Helping students develop the language of mathematics begins by helping them develop their conceptual understanding using the four language acquisition skills: Reading, Writing, Speaking, and Listening.
As can be seen from the diagram in Figure 1, reading and listening are inputs the brain uses to receive information. Writing and speaking are outputs the brain uses to communicate information about the inputs it receives. In-between the inputs and the outputs, the brain processes information (thinking) by organizing the information it sees and hears. Beginning ELL students can particularly be seen undergoing this organization process. As they work to acquire the English language, they often translate English into their native language before attempting to speak or write in English. Although the majority of math students are not English language learners; they are, in a sense, math language learners, and have some of the same struggles translating the unfamiliar language of math into a language they understand. Similar to English language development, students that are able to quickly process and organize the math inputs they receive are considered to be more fluent in language of mathematics.
Therefore, as teachers formatively assess students’ progress toward fluency in the language of mathematics it is important to ensure that their learning experiences give teachers access to the “thinking processes” and “language organization activities” that led to the speaking and writing activities that are evaluated in class – not just the right or wrong answer.
In the most fundamental sense, our ability to become fluent in the language of mathematics is directly related to our ability to use our reading, writing, listening, and speaking skills to communicate our mathematical understandings. The Common Core states, “As students advance through the grades and master the standards in reading, writing, speaking, listening, they are able to exhibit with increasing fullness and regularity the following capacities of the literate individual:
- They demonstrate independence.
- They build strong content knowledge.
- They respond to the varying demands of audience, task, purpose, and discipline.
- They comprehend as well as critique.
- They value evidence.
- They use technology and digital media strategically and capably.
- They come to understand other perspectives and cultures.

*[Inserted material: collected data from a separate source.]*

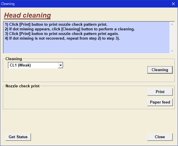 - After cleaning is finished, Click the Print button to print the nozzle check pattern. If nozzle is missing, perform Head cleaning and check the nozzle check pattern again.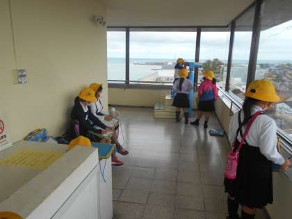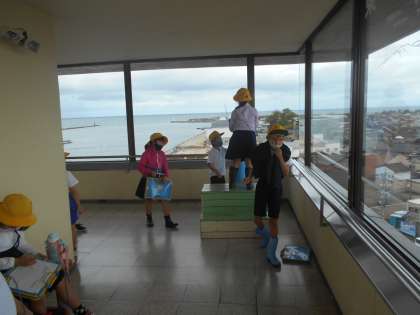 今日は展望台に上りました。朝から雨が続いていましたが、町探検の前には、雨も上がり、行くことができました。たくさんの発見があった楽しい町探検になりました。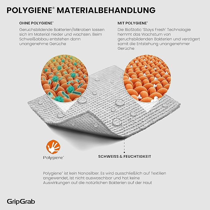 Miros scăzut - Tratamentul anti-miros Polygiene din acest strat de bază inhibă creșterea bacteriilor care provoacă mirosuri și astfel poate întârzia formarea mirosurilor în maiou în timpul sportului

The above description of a literate student effectively helps us visualize what literacy can look like in a math class. However, this standard is not an excerpt from the Common Core math standards. It is actually an excerpt from the Common Core English Language Arts standards. The message here is that literacy in all content areas should look very similar. Regardless of content, literate students are able to use their reading, writing, speaking, and listening skills to access information, process that information, and communicate their ideas to others. In order to help students become fluent in the language of any content area, including mathematics, teachers should provide meaningful opportunities for students to read, write, listen and speak about their learning experiences.